# Apache Pier



## b3butner (Oct 1, 2003)

Hello,
My name is Bryan and I fish Apache quite often.
I live about 5 1/2 hrs away. Since Apache discontinued their web page I don't get much info. I am looking for regulars that I will know when I'm there. I have the aluminum buggy with the large rear wheels. See ya this weekend.


----------



## noah (Aug 11, 2004)

I used to fish there but found a fisherman friendly pier up the coast from Myrtle Beach . Its an hour north in the Southport,NC area. Check out the website @ www.oceancrest pier.com. Apache choose not keeping us up to date and dropped doing anything to keep us informed it's not that way at Ocean Crest....see you there.


----------



## b3butner (Oct 1, 2003)

Hello Noah,
I am familar with OCP. I fished the Rebel Tournament this spring. Great pier but that was way to many people in that tournament. Thanks for the reply.


----------



## fish4kings104 (Feb 1, 2004)

you fishing the tournament down at apchie. I am fishing it down there at cherry grove. Dont know how the fishing beens down there at apachie but at cherry grove the fishing has been pretty good.


----------



## b3butner (Oct 1, 2003)

Yes, I will be fishing this weekend. This past week was good for spot tails,black drum,spots and a fourteen year old angler beside me pulled in a 5 1/2 lb flounder. Mullet ran fair in the mornings. No Kings however. I hope this tournament is better than the last 2.


----------



## fish4kings104 (Feb 1, 2004)

i got 2 flounder and a spanish on the king rigs last weekend. I am only 14 also.


----------



## b3butner (Oct 1, 2003)

That's great.Good luck.


----------



## fish4kings104 (Feb 1, 2004)

b3bunter-
I herd that the tournament was called off.


----------



## b3butner (Oct 1, 2003)

Yes I got a call this morning. I don't know when or if they are going to rescedule it.


----------



## fish4kings104 (Feb 1, 2004)

nope they arnt reschedualing it. Cherry grove is having a pier tournament all by itself.
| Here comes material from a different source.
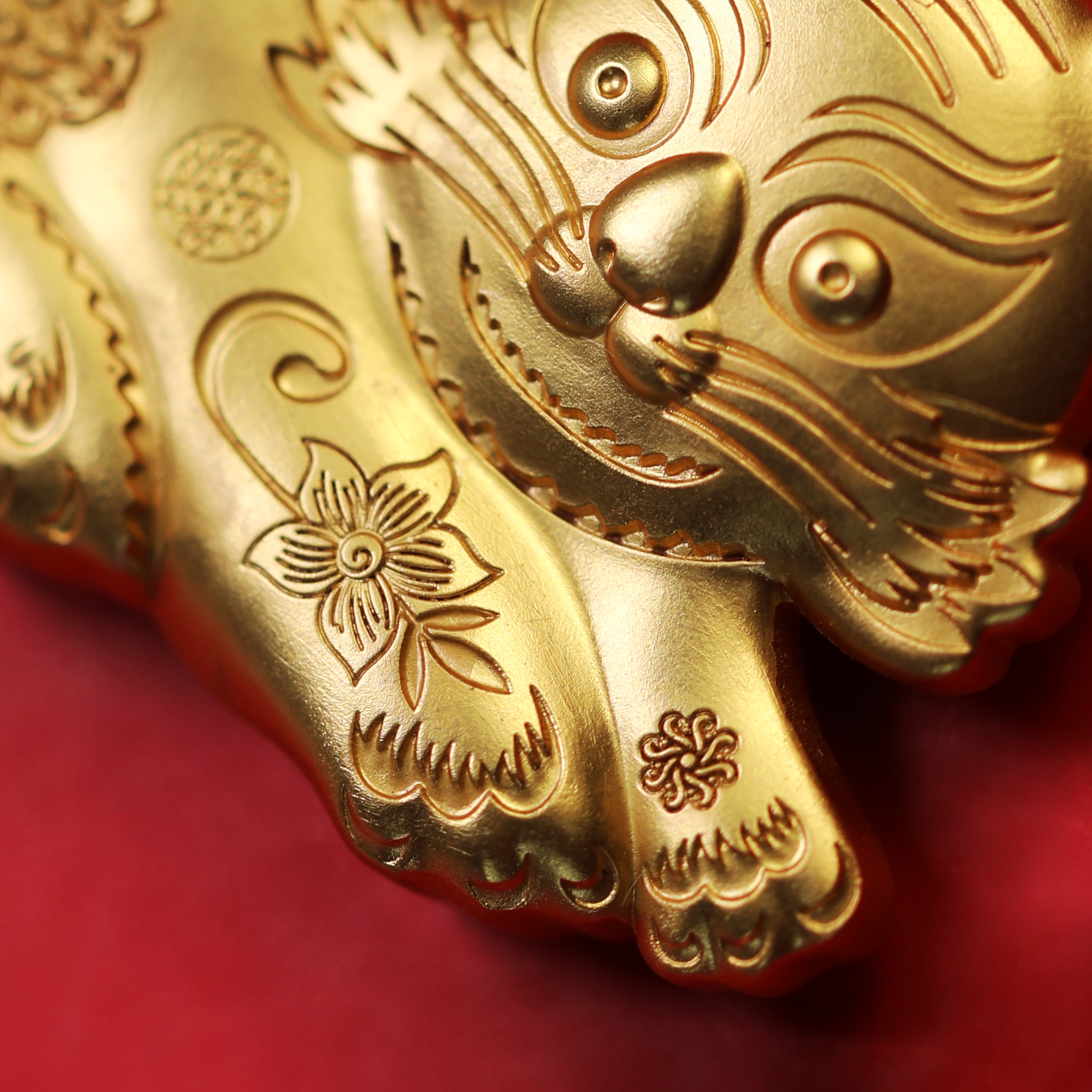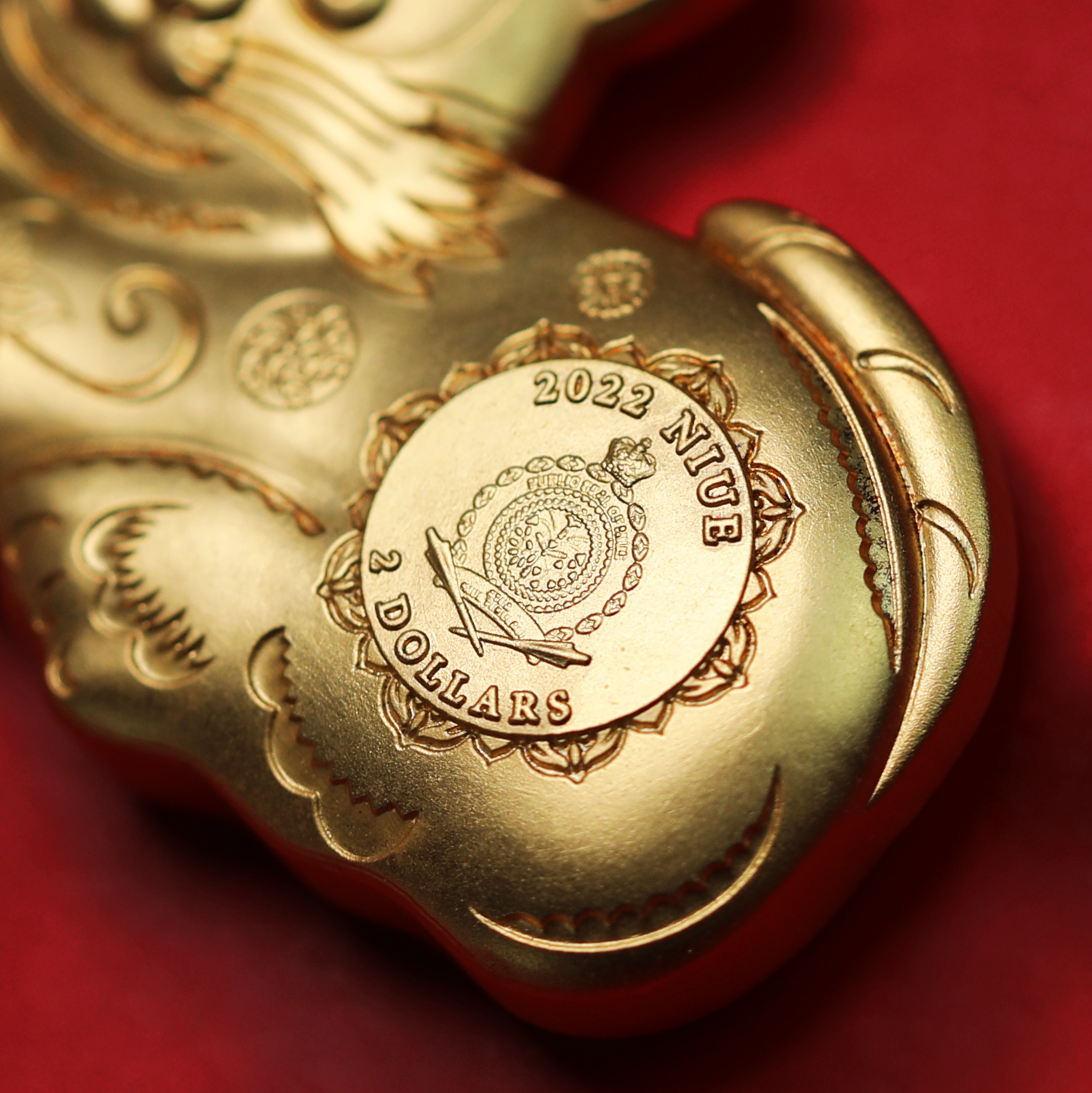 为迎接2022壬寅虎年的到来,纽埃发行了一枚3D立体、异形设计的虎年纪念币!通体镀金,极为特别!

Dont know if apachie is. Do u know why they did it?


----------



## noah (Aug 11, 2004)

*Tournament Cancelled*

I took the Liberty of calling the Myrtle Beach Chamber Of Commerce office seeking an answer. The young lady though polite seemed thrown off by my question concerning the Fall King Mackerel Tourney being cancelled. She stated that she thought it was because of Hurrincane Ivan. She did make several attempts to forward me to the individual who held the ultimate answer. She was away from her office and did not attempt to return the call. Seems strange being Ivans not forecast to be in the area if at all before Mid- week next. I also contacted each Myrtle beach Pier hosting the tourney and they too had been told by the Chamber that bad weather was the reason. The folks at Cherry Grove Pier added there were other reasons but they themselves did not know what they were. It appears Cherry Grove anglers believe otherwise. The fishermen there choose having their own in house tourney this week-end. There were several other similiar comments among the others questioned and when asked what other reason there may have been." No comment was given". You may find it interesting that there are no plans to reschedule the tourney this fall. This strange occurrance falls on the heels of the Young Lady being Shark bitten last week in the Apache Pier section of the Beach front. Rumors are is that somehow once again King Mackerel Anglers live bait fishing have been blamed for that. One side note to this is that Myrtle Beachs weather was a mix of Sunshine and the clouds and brief showers Mid Day. Summer time conditions like every other year the Tourney has been held....go figure


----------



## b3butner (Oct 1, 2003)

Noah,
Tell me more about this shark attack. I was at Apache all last week and I heard nothing about it.


----------



## noah (Aug 11, 2004)

*17 Year Old Bitten*

THE YOUNG LADY WAS VISITING FROM W,VIRGINA. THE INCIDENT HAPPENED LABOR DAY. It was reported by doctors treating her the bite was from a 8ft shark. Go to www.thesunnews.com for the full story.


----------



## fish4kings104 (Feb 1, 2004)

Yes us people at cherry grove are having a tournament. We figured that everyone has already bought there hotel rooms and everyone has already paid for it. We are having a blast even though we have not caught a king yet. we have over 800 dollars in money a rod, and 2 reels. Even if we dont catch a fish They are still alot of fun. I dont think that the shark attack is caused by the king mackerel fisherman.


----------